Security Concerns and Risk Mitigation

AI agents raise significant security concerns, especially those capable of interacting directly with desktop software. Even models without desktop capabilities, such as GPT-4o, have demonstrated the ability to engage in multi-step malicious activities, such as ordering fraudulent documents on the dark web. Researchers have also achieved high success rates for harmful actions using jailbreaking techniques.

A model with desktop functionality could potentially exploit software vulnerabilities, compromise user data, or intercept information stored in applications. Given its network access, such a model could also become a powerful tool for cyber attackers.

Anthropic acknowledges these risks but believes it is better to expose users to current, relatively secure models to learn from real-world interactions. This, the company argues, enables developers to improve safeguards over time.
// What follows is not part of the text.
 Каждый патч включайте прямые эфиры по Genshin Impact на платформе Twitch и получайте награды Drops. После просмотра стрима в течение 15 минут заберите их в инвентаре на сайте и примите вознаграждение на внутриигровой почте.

Measures to Ensure Safe Use

Anthropic has implemented several safety protocols for Claude 3.5 Sonnet. To reduce risks, the company did not train the model on screenshots or user prompts and restricted its internet access during training. Additionally, it developed classifiers to block high-risk activities, such as posting on social media, creating online accounts, or engaging with government portals.

If necessary, Anthropic can restrict access to specific features to prevent misuse, including blocking activities related to spam or fraud. The company also stores all screenshots taken by the Computer Use API for a minimum of 30 days, which may introduce additional privacy risks. However, Anthropic has not clarified under what conditions these screenshots would be shared with third parties, such as law enforcement agencies.
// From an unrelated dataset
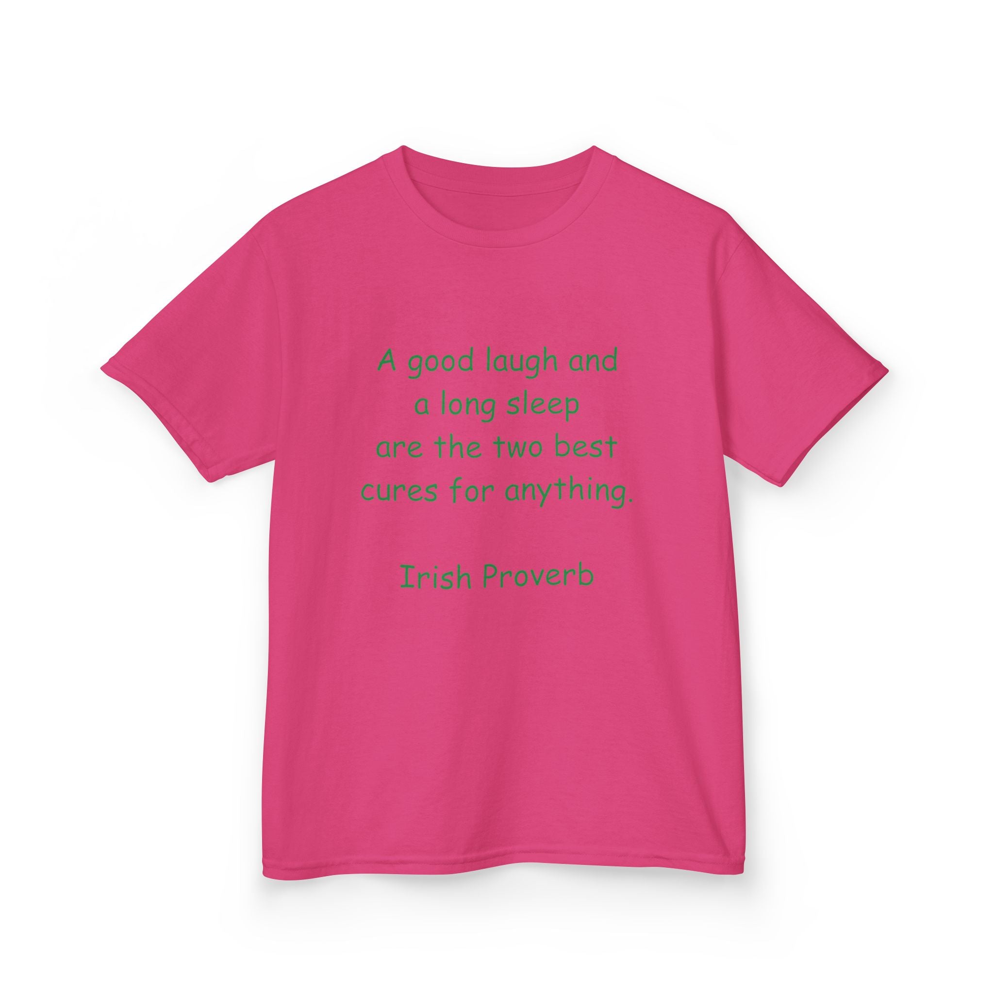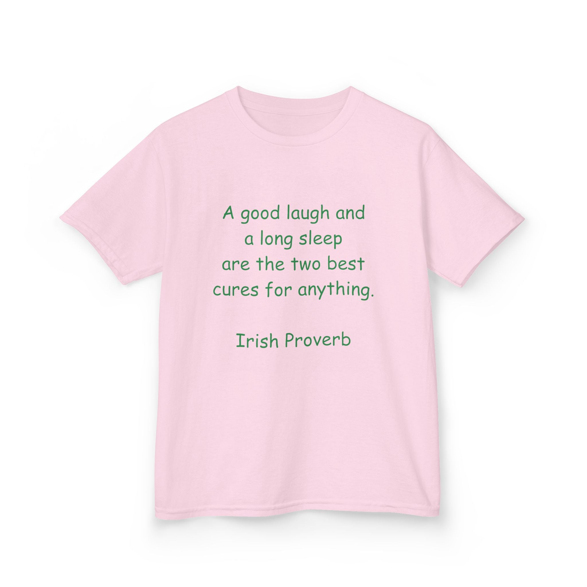 Kids Irish Proverb Tee – “Laugh & Sleep” – Comfy Cotton Shirt

“There is no perfect solution,” Anthropic admits. “We will continue to monitor and enhance our security protocols to balance functionality with safety. Users are advised to take precautions, such as isolating Claude from sensitive data, to minimize risks.”

Future Releases and Developments

Alongside Claude 3.5 Sonnet, Anthropic announced the upcoming release of Claude 3.5 Haiku, which focuses on speed, precise tool usage, and improved instruction following. Haiku will initially be a text-only model, with plans to expand into multimodal capabilities that can process both text and images. This version aims to support specialized tasks and personalized experiences by analyzing data such as purchase histories or inventory records.

Anthropic also teased the future release of the Claude 3.5 Opus model, adds NIX Solutions. “Each model in the Claude 3 family has unique strengths tailored to different customer needs,” the company noted. “Claude 3.5 Opus is part of our roadmap, and we will be sure to share more details with you as soon as we can.”

Developers interested in testing the Computer Use API can do so through Anthropic’s API, Amazon Bedrock, and Google Cloud’s Vertex AI platform.